* Excerpted data
--------------------

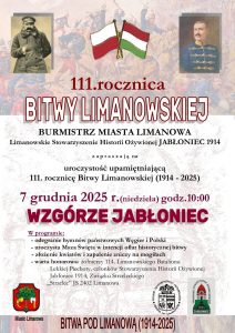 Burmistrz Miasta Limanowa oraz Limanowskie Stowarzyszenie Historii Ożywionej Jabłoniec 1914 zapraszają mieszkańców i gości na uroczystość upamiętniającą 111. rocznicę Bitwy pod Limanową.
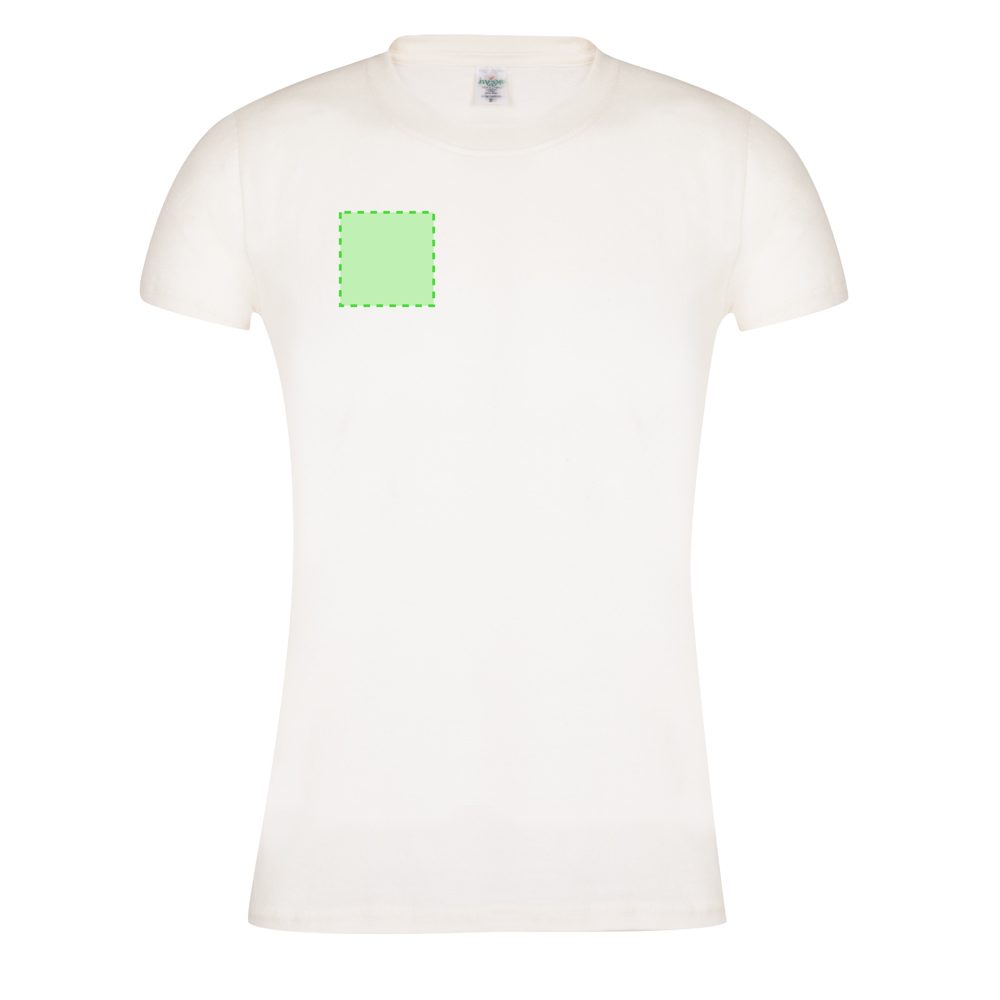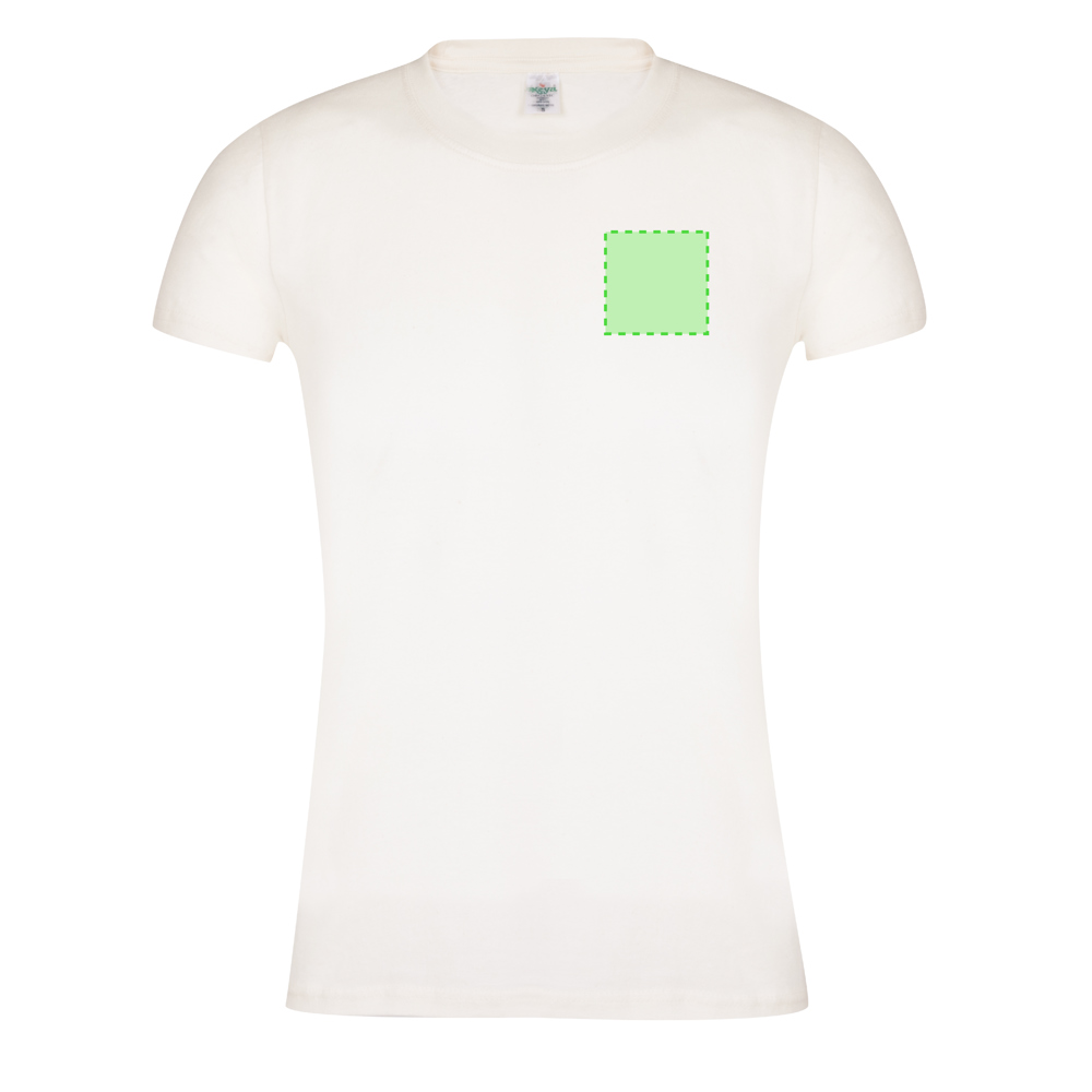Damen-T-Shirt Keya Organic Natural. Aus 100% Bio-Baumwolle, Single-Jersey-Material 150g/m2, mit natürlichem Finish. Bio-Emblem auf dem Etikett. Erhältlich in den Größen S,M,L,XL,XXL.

--------------------

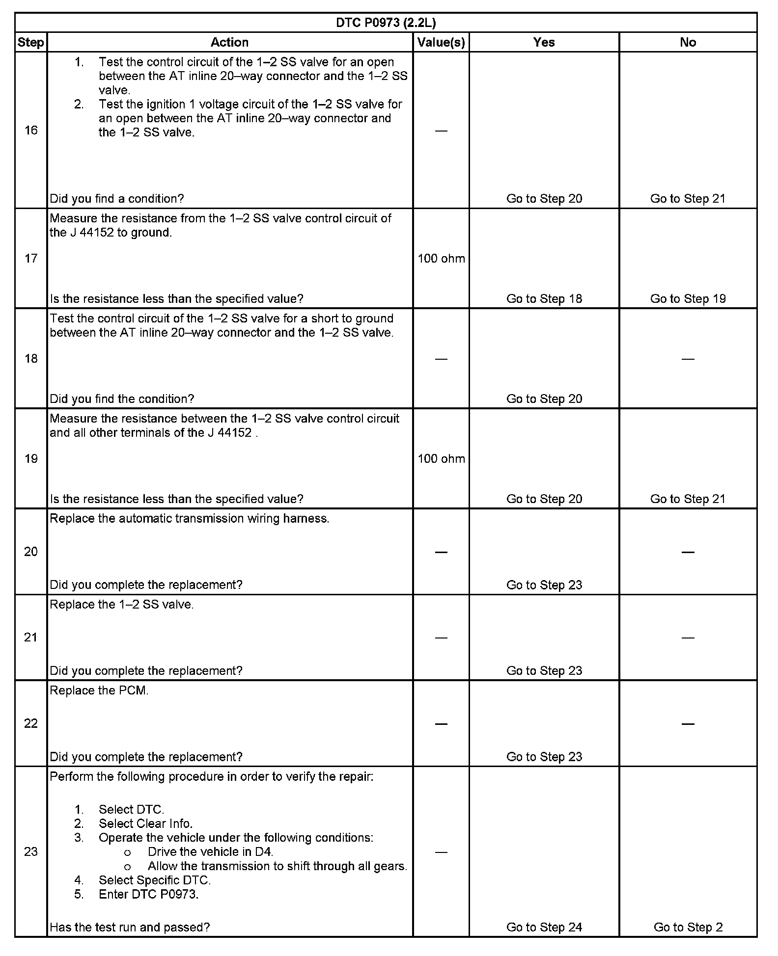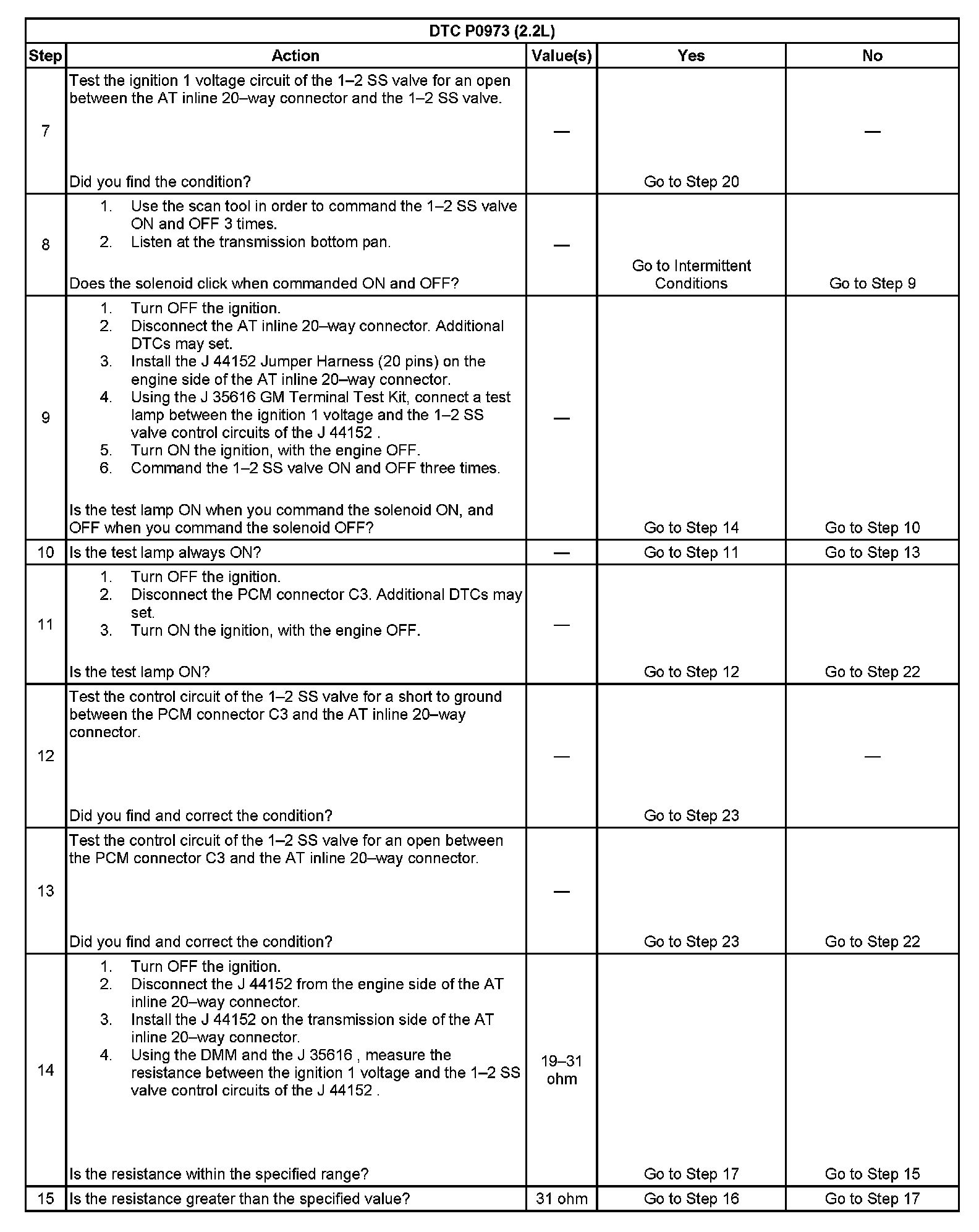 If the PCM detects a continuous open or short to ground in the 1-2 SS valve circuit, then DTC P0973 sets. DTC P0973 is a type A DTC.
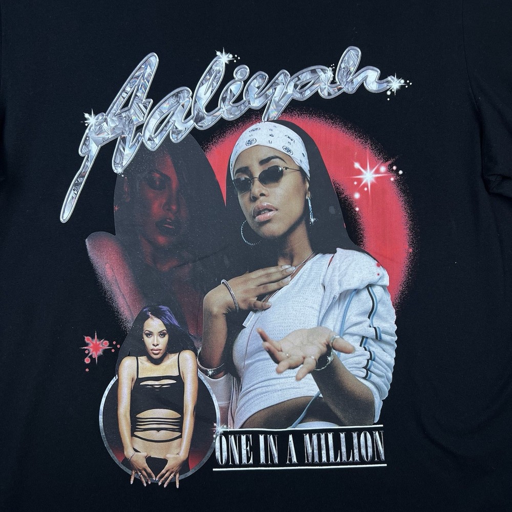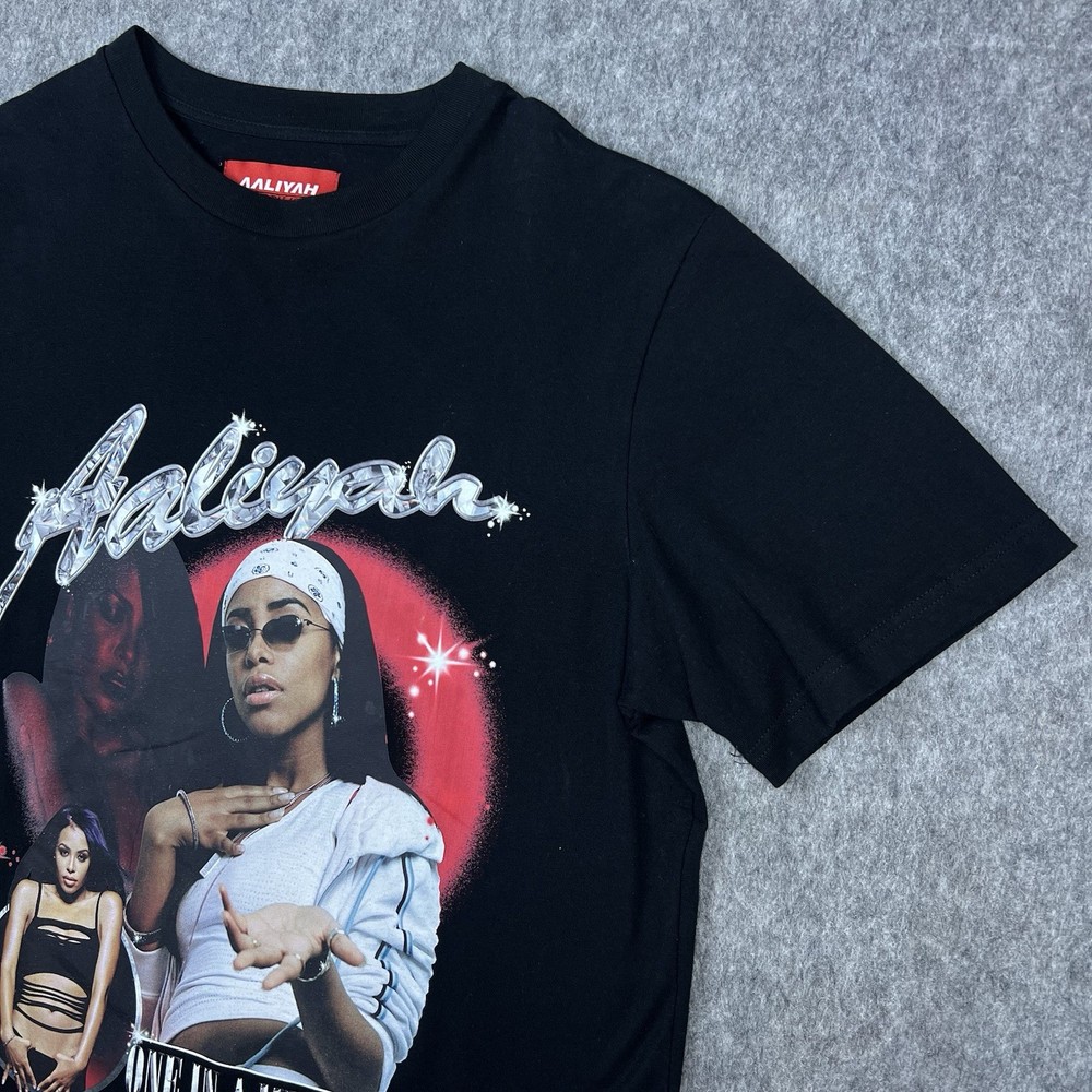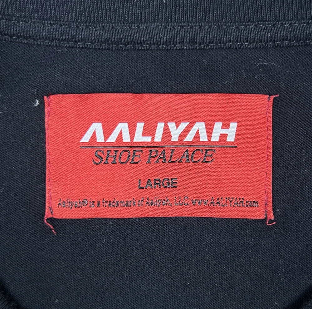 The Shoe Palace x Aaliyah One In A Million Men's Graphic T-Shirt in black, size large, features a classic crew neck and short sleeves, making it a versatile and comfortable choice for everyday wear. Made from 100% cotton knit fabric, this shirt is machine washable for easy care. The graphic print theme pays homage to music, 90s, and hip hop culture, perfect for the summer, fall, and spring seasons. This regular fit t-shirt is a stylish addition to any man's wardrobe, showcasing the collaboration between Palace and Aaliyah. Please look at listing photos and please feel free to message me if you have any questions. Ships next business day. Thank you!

--------------------

What to print is the stretch of entries from the line with "If the PCM detects" up to and including the line with "The Shoe Palace". Please print it exactly and leave out the pictures.

* Task answer
 If the PCM detects a continuous open or short to ground in the 1-2 SS valve circuit, then DTC P0973 sets. DTC P0973 is a type A DTC.
 The Shoe Palace x Aaliyah One In A Million Men's Graphic T-Shirt in black, size large, features a classic crew neck and short sleeves, making it a versatile and comfortable choice for everyday wear. Made from 100% cotton knit fabric, this shirt is machine washable for easy care. The graphic print theme pays homage to music, 90s, and hip hop culture, perfect for the summer, fall, and spring seasons. This regular fit t-shirt is a stylish addition to any man's wardrobe, showcasing the collaboration between Palace and Aaliyah. Please look at listing photos and please feel free to message me if you have any questions. Ships next business day. Thank you!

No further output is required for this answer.